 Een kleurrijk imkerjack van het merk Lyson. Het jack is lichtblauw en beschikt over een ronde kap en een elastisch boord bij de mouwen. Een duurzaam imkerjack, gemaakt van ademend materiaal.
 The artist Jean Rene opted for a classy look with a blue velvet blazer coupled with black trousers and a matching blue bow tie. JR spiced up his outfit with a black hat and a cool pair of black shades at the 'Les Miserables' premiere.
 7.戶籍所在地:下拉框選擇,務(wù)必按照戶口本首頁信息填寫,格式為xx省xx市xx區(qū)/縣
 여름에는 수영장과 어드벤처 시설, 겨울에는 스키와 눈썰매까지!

---

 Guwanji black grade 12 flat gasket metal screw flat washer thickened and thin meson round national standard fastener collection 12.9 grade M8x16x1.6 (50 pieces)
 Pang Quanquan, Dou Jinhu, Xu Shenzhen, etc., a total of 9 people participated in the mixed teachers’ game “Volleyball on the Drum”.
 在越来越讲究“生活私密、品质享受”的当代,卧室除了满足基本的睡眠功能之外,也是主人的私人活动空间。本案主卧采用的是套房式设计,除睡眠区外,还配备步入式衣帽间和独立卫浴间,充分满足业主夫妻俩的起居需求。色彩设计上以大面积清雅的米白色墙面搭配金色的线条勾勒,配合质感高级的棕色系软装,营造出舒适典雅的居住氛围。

---

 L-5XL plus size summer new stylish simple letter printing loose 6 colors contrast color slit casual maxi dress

- [EXERCISE] Please find, in the entries above, every line where "black" occurs, and copy it.

- [SOLUTION BELOW]
 The artist Jean Rene opted for a classy look with a blue velvet blazer coupled with black trousers and a matching blue bow tie. JR spiced up his outfit with a black hat and a cool pair of black shades at the 'Les Miserables' premiere.
 Guwanji black grade 12 flat gasket metal screw flat washer thickened and thin meson round national standard fastener collection 12.9 grade M8x16x1.6 (50 pieces)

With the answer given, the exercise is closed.